Biodiversity in the Amazon is Threatened by Deforestation
After surveying 2,000 species of plants, birds, beetles, ants and bees across more than 300 diverse sites in the Brazilian Amazon, researchers say that deforestation has, without a doubt, caused a strong loss of biodiversity. They also say that setting aside a network of preserved forest may make it possible to maintain different populations of plants and animals. Their findings were recently published in the journal Ecology Letters.
"Pre-existing differences in the undisturbed forests plus the way in which they had been altered by human activity had an impact on which species survived." Dr. Ricardo Solar, lead author of the study and a research fellow at Brazil´s Universidade Federal de Viçosa, said a statement. "Some of the disturbed forests were able to maintain up to 80 percent of the species found in pristine forests -- this gives us hope. It is vitally important that reserves should not be concentrated in a single part of a region, but as a widespread network of forest reserves."

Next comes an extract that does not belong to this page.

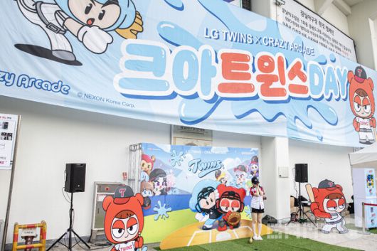 잠실야구장 외곽에는 포수로 변신한 '크레이지 아케이드'의 인기 캐릭터 '다오'와 '배찌'가 그려진 대형 포토존이 마련돼 관람객들을 맞이했다. 가족, 친구, 연인 등 다양한 관람객들이 타격 자세를 취한 채 사진을 찍으며 즐거운 추억을 남긴 한편, '다오', '배찌' 인형탈이 경기장 곳곳을 누비며 깜짝 포토타임을 선사해 현장의 열기를 더했다.

Other findings indicated that logging, fire and farming have resulted in major deforestation in the area, which had inadvertently affected species loss and simplification. Also, natural differences between pristine forests and variation in forms of forest disturbance result in unequal simplification of species.
"The lower species diversity in degraded forests also indicates that many species are restricted to undisturbed forests." Co-author Professor Jos Barlow, from Lancaster University, explained in a release. "This demonstrates the importance of controlling selective logging and preventing wildfires in all forests, including those on private lands that have already been disturbed."

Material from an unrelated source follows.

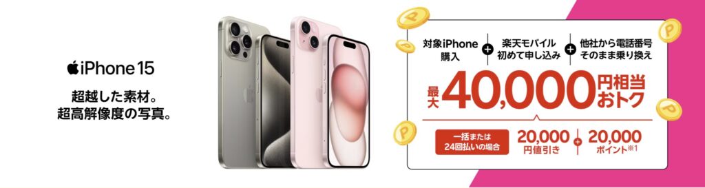 楽天モバイル、iPhone 15シリーズが大幅値下げ!MNPなら最大4万円オフの神キャンペーン開始

Even species that are different can help sustain one another if areas containing such differing populations are maintained, the release notes.

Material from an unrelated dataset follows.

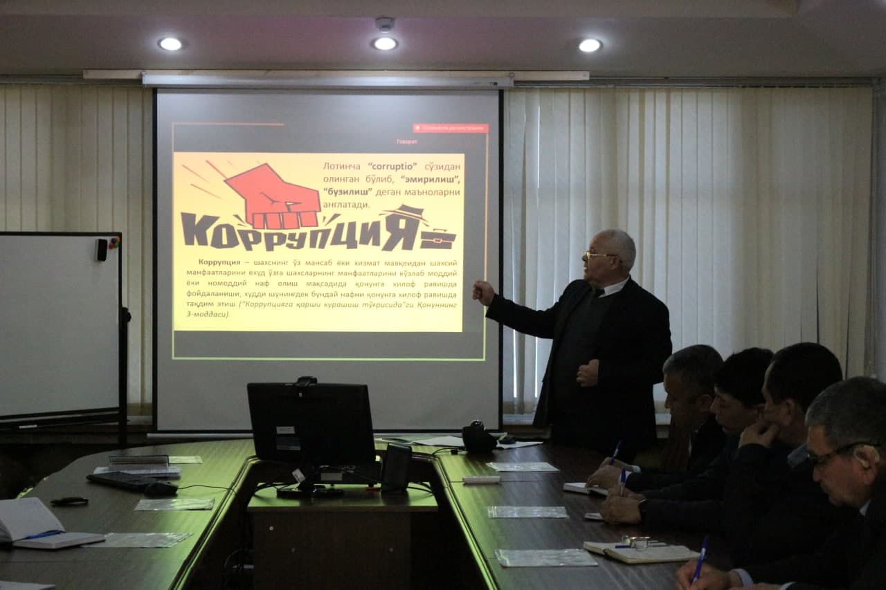 Yuristlar malakasini oshirish markazi tomonidan “Temir yoʻllarda yuk va yoʻlovchilar tashish xavfsizligini nazorat qilish inspeksiyasi” rahbar va xodimlarining korrupsiyaga qarshi kurash borasidagi bilim va koʻnikmalarini shakllantirish maqsadida  sayyor malaka oshirish kurslari tashkillashtirildi.

"There remains a widespread assumption that concentrating conservation efforts on the protection of isolated reserves is the best way we can safeguard biodiversity. But our work shows that in areas of private land that have already been disturbed -- which dominate much of the tropics -- we need to maintain and protect a wide network of forest areas. Without such a landscape-scale approach we can expect many species to go regionally extinct," said fellow co-author Dr. Toby Gardner, researcher at the Stockholm Environment Institute, in the release.
Since Brazil recently revised its environmental laws regulating forests, allowing a trading system for private reserves and designing plans for environmental restoration, Dr. Joice Ferreira, co-author from the Brazilian Agricultural Research Center explained in the release that these findings are very timely.
"For example, the high variation in biodiversity found in secondary forests indicates the role these ecosystems play in regional conservation," said Dr. Ferreira in the release. "For many areas of the Amazon, conserving existing secondary forests may be much cheaper and even more efficient than planting trees."